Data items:
════════════════

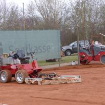 Es war eine ereignisreiche Woche, erst die Vandalen, die auf dem Gelände viel Schaden angerichtet haben, dann mit Verzögerung die Frühjahrs-Instandsetzung durch die Firma Nohe, und zuletzt haben unsere Platzwarte noch die Bäume am Zaun abgeschnitten. Wir hoffen, dass dadurch die Feuchtigkeit auf den Plätzen 1-3 die Plätze besser abtrocknet und außerdem waren mehr als die Hälfte der Bäume schon abgestorben.
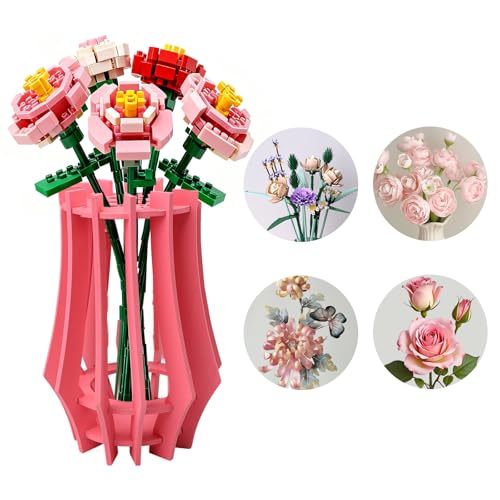 Vase pour Fleurs Lego, Bouquet Puzzle en Bois Vase 3D Décoration d'Intérieur, Support pour Roses, Orchidées, Plantes, Cadeau pour Les Amateurs de Fleurs
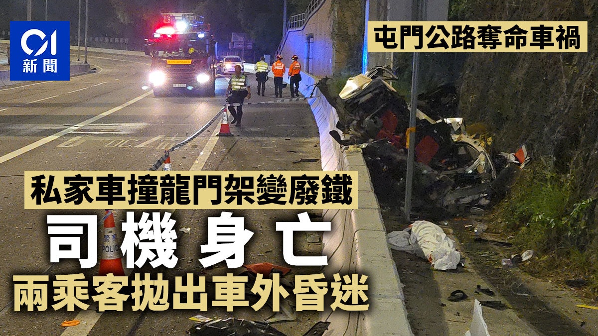 救援人員接報馳至現場,發現有1男1女在地上昏迷不醒,立即為他們進行急救,再由救護車急送屯門醫院搶救;而車內則有一名男子被困駕駛席,消防將其救出,惟救護員當場證實該男子已明顯死亡;警方正調查車禍始末,將案件列作「致命交通意外」跟進。
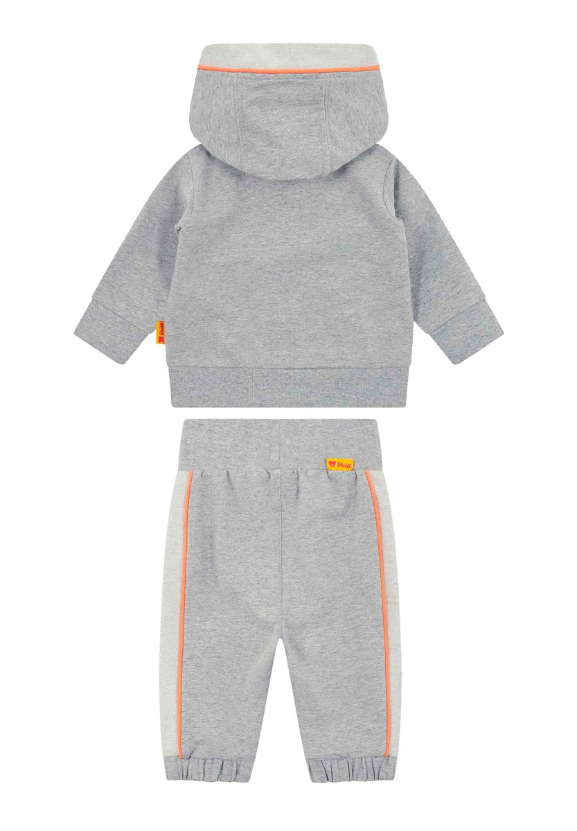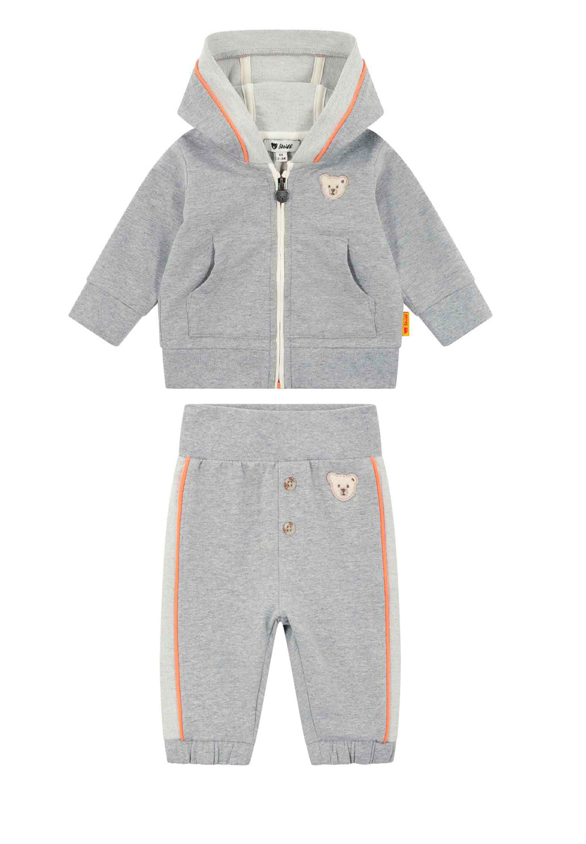 Затишний костюм Sundancer із сертифікованого бавовняного матеріалу, який безпечний для дитини, має дихаючі властивості та не викликає парникового ефекту. Вільний крій гарантує зручність під час носіння. Капюшон і кишеня-кенгуру на кофті надають виробу додатковий комфорт. Стильна контрастна смуга по краю капюшона та еластична обробка на манжетах і подолі - модні акценти виробу. Застібка-блискавка з чарівною деталлю у вигляді ведмедика Тедді гарантує комфортне переодягання. Пухнастий ведмедик Steiff Teddy завершує дизайн виробу
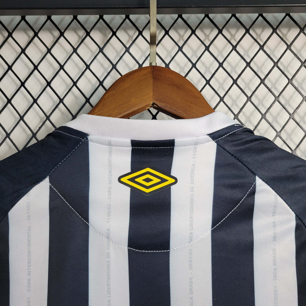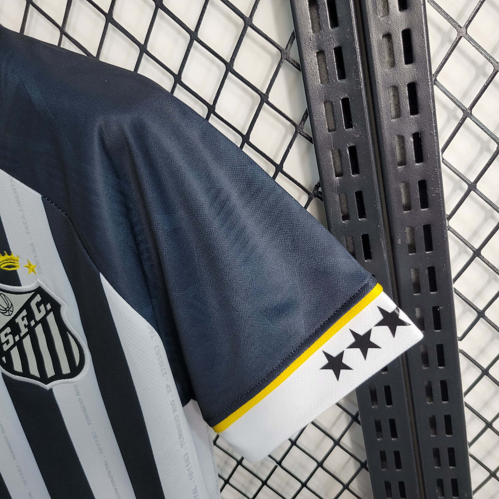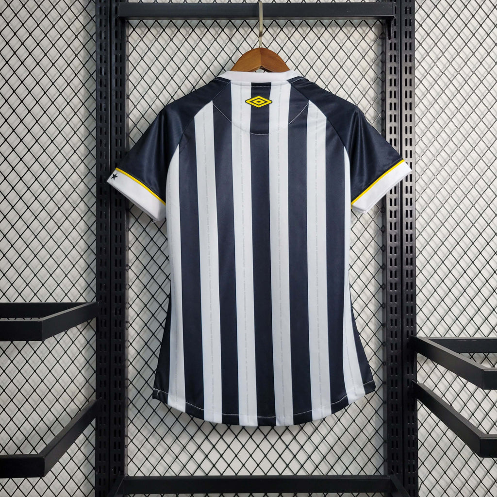 A Camisa 2 do Santos para a temporada 2023/24, modelo feminino, apresenta as tradicionais listras verticais em preto e branco, com detalhes em dourado na gola e elementos gráficos que homenageiam a Vila Belmiro. Confeccionada em poliéster e elastano, oferece conforto e estilo para as torcedoras.

════════════════

- Exercise aim: Go to the line with "救援人員接報馳至現場,發現有" in the entries above. Reproduce that line and each one after it to the end, exactly and without the pictures.

- Task result:
 救援人員接報馳至現場,發現有1男1女在地上昏迷不醒,立即為他們進行急救,再由救護車急送屯門醫院搶救;而車內則有一名男子被困駕駛席,消防將其救出,惟救護員當場證實該男子已明顯死亡;警方正調查車禍始末,將案件列作「致命交通意外」跟進。
 Затишний костюм Sundancer із сертифікованого бавовняного матеріалу, який безпечний для дитини, має дихаючі властивості та не викликає парникового ефекту. Вільний крій гарантує зручність під час носіння. Капюшон і кишеня-кенгуру на кофті надають виробу додатковий комфорт. Стильна контрастна смуга по краю капюшона та еластична обробка на манжетах і подолі - модні акценти виробу. Застібка-блискавка з чарівною деталлю у вигляді ведмедика Тедді гарантує комфортне переодягання. Пухнастий ведмедик Steiff Teddy завершує дизайн виробу
 A Camisa 2 do Santos para a temporada 2023/24, modelo feminino, apresenta as tradicionais listras verticais em preto e branco, com detalhes em dourado na gola e elementos gráficos que homenageiam a Vila Belmiro. Confeccionada em poliéster e elastano, oferece conforto e estilo para as torcedoras.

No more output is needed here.